Anywhere the string "machine" shows up in the listing below, copy the line it is in.

────────────────

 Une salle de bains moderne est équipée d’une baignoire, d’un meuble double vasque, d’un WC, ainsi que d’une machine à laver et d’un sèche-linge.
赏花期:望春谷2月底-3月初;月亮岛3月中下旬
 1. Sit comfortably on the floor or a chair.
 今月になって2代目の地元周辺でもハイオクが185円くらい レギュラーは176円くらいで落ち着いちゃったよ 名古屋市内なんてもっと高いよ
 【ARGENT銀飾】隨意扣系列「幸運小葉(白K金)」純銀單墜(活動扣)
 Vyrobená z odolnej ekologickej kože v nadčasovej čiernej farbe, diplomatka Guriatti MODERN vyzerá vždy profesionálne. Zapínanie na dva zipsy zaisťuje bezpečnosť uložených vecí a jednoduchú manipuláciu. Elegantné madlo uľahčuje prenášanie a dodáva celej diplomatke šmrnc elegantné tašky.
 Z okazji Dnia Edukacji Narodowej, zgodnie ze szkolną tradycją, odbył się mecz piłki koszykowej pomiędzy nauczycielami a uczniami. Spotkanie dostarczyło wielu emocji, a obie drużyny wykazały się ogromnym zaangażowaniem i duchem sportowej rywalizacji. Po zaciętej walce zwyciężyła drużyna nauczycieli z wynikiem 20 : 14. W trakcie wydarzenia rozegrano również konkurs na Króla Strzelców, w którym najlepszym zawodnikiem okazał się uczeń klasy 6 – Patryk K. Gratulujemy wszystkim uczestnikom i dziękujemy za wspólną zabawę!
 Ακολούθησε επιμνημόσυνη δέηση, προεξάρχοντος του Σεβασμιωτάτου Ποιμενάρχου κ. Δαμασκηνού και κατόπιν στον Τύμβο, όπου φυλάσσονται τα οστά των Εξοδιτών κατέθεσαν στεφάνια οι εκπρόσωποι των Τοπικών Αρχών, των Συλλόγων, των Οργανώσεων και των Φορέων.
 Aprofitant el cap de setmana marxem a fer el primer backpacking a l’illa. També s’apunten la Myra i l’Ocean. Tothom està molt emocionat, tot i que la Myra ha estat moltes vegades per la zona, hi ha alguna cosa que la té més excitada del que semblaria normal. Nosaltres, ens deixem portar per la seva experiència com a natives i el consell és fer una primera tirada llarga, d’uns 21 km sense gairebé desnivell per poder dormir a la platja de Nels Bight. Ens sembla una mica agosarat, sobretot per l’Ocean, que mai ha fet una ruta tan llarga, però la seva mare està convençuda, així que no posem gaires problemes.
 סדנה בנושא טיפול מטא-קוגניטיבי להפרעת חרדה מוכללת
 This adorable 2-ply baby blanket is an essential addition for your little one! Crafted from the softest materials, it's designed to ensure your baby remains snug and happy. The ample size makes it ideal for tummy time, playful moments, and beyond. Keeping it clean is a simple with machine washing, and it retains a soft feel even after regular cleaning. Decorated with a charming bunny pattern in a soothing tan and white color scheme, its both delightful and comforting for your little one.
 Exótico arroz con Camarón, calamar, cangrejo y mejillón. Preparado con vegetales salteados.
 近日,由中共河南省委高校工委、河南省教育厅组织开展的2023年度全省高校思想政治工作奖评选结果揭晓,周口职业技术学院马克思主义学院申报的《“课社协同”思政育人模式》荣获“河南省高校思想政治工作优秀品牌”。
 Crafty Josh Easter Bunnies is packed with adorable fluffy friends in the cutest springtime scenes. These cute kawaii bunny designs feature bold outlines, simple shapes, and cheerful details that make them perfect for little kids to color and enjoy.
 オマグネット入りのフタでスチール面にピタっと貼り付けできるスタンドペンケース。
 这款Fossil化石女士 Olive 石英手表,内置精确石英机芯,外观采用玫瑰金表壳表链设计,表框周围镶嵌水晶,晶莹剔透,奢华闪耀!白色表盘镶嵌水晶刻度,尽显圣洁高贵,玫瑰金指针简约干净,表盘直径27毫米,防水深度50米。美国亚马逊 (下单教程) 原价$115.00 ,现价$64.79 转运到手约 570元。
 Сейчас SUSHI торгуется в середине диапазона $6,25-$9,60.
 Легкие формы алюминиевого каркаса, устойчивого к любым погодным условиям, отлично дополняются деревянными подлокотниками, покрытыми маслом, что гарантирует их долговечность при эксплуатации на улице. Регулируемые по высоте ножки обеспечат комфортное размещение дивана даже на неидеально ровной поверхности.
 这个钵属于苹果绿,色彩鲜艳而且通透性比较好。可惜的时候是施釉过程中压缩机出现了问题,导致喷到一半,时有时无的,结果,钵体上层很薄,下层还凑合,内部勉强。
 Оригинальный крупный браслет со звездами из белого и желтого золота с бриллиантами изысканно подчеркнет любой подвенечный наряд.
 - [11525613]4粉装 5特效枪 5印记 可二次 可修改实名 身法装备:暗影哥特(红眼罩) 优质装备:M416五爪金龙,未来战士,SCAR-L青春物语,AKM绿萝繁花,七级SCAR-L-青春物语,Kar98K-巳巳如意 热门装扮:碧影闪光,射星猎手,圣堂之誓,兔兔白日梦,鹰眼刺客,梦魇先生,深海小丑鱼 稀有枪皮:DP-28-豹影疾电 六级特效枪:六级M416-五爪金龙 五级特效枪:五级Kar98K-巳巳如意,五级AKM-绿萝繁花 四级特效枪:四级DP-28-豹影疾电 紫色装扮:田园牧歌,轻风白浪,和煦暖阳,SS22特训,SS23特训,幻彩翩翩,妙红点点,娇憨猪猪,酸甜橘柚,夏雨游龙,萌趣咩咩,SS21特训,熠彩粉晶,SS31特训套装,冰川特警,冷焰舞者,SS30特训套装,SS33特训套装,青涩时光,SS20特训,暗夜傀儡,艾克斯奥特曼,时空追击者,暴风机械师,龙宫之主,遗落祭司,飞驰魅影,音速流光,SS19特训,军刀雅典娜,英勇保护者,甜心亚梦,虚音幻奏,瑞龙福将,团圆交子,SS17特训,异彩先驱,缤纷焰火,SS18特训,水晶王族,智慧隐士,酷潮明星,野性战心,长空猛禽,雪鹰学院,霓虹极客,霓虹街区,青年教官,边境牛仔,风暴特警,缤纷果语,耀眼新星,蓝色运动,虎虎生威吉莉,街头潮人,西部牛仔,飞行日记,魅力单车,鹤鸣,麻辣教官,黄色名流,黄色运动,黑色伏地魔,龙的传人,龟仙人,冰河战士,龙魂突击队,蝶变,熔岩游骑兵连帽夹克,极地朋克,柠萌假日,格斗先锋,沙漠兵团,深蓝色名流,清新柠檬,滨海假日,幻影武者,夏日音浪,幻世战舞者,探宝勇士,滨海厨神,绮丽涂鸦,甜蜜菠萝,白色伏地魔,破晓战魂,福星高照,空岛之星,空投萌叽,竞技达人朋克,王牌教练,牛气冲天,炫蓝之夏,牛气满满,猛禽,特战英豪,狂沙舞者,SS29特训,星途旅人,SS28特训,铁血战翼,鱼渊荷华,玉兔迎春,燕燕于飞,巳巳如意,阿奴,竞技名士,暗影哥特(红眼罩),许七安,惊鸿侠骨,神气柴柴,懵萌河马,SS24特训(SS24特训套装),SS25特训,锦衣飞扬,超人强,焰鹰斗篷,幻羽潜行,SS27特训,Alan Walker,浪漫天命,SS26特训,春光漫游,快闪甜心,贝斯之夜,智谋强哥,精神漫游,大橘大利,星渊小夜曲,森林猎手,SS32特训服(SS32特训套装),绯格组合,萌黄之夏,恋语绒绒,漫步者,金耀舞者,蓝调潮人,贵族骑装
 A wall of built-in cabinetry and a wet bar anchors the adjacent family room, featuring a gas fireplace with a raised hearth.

────────────────

§ Task response
 Une salle de bains moderne est équipée d’une baignoire, d’un meuble double vasque, d’un WC, ainsi que d’une machine à laver et d’un sèche-linge.
 This adorable 2-ply baby blanket is an essential addition for your little one! Crafted from the softest materials, it's designed to ensure your baby remains snug and happy. The ample size makes it ideal for tummy time, playful moments, and beyond. Keeping it clean is a simple with machine washing, and it retains a soft feel even after regular cleaning. Decorated with a charming bunny pattern in a soothing tan and white color scheme, its both delightful and comforting for your little one.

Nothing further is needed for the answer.